# Private Health insurance for HIV poz student



## gustavoc_92

Hi everyone I want to go to germany to enroll in a language academy to learn german.

I find out with the embassy that if I go to a language institute there in germany, I'll need a private insurance, not the public, so I was wondering if a private insurance could accept me putting the hiv as pre-existence, that way they would not have to cover the treatment, but would have to cover other situations that have nothing to do with the hiv.
If that case could be available I would take financially care of my treatmente by myself for the time I would be studing in the language course.


----------



## *Sunshine*

Health care in Germany is very expensive and private insurance companies will not want to insure you. I would recommend learning German elsewhere.


----------



## beppi

If you are resident in Germany, you HAVE TO have German health insurance.
If you cannot join the public scheme (which would cover your pre-existing conditions without additional premium), you must join a private insurance.
In that case, yopur best bet would be the "Basistarif", which covers pre-existing conditions and costs only around €700/month (this is the best deal you can get in your situation!). The best is: The private insurers have to accept you into that plan!
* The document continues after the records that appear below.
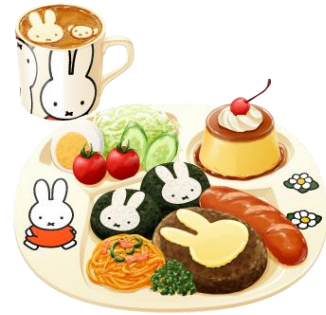
ミッフィーお子様ランチ

Illustrations Dick Bruna © copyright Mercis bv,1953-2015 www.miffy.com (コラボアイテム一部紹介)
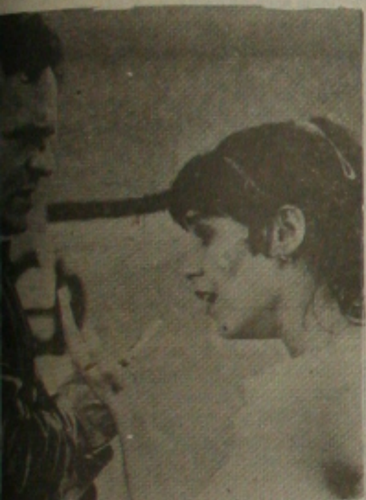
Lucélia Santos é Bonitinha Mais Ordinária, atração do programa Nacional desta quarta. Milton Moraes também participa.
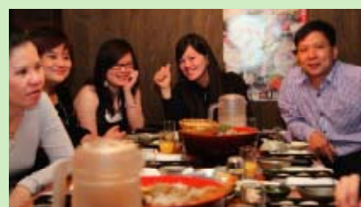
跟好友在京都享用晚餐
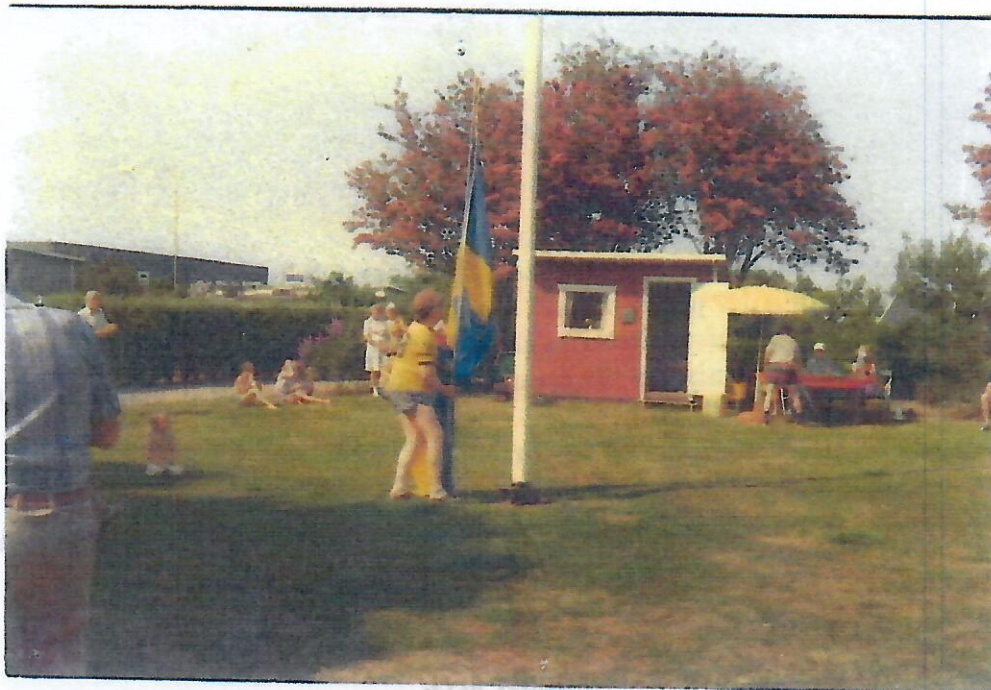
Den nya flaggstången invigs. I bakgrunden den gamla klubbstugan.

They won't like it, and they will find all kinds of excuses, so you must be firm (perhaps with the assistance of a lawyer).
If you cannot afford that, the above poster is right: Do not come to Germany, as an insurance with exception and self-funded treatment will certainly be costlier.


----------



## *Sunshine*

beppi said:


> In that case, yopur best bet would be the "Basistarif", which covers pre-existing conditions and costs only around €700/month (this is the best deal you can get in your situation!). The best is: The private insurers have to accept you into that plan! They won't like it, and they will find all kinds of excuses, so you must be firm (perhaps with the assistance of a lawyer).
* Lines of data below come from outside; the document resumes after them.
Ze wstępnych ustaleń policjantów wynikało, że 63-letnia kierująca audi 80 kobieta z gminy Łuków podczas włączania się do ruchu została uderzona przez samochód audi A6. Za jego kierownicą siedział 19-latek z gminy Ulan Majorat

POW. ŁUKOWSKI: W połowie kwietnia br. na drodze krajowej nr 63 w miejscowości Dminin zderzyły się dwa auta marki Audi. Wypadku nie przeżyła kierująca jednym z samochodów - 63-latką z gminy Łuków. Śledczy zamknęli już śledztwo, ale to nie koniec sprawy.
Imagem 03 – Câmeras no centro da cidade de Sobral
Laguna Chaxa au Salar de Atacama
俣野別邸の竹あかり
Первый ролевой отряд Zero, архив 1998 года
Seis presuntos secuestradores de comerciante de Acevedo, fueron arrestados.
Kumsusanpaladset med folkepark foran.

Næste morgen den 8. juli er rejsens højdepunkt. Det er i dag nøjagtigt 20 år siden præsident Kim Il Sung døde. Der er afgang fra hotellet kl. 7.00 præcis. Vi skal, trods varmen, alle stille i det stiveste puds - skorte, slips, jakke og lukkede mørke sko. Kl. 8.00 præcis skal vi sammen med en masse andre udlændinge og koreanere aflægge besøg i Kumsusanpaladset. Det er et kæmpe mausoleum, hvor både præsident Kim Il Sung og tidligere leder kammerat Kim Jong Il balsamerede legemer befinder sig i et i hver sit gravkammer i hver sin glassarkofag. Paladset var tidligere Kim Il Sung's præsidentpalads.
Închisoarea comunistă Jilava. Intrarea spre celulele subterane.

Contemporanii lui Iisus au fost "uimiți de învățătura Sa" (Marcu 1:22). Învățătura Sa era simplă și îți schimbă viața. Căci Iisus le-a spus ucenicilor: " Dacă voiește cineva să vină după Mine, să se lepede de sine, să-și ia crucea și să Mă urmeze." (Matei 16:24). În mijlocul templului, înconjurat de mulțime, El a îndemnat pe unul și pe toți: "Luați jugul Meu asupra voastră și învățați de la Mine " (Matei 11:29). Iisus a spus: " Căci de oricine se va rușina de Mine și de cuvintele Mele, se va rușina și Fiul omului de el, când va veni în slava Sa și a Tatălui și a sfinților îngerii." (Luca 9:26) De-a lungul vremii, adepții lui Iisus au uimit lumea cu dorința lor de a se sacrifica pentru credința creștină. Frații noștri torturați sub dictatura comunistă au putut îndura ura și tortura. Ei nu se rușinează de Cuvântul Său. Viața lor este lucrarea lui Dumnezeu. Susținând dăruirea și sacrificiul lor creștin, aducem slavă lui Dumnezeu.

The insurance companies, however, are only required to accept foreigners with a residence permit valid for over 1 year. 

Without a health insurance, he won't be able to get a residence permit.


----------



## beppi

That is correct.
But in another post he says he wants to do a postgraduate (and thus become student) and join the public scheme. In that case he'd have a sufficient residence permit.
With a shortder visa, he cannot join any German health insurance, but must join an international expat insurance - which does not have to accept him and usually excludes pre-existing conditions.


----------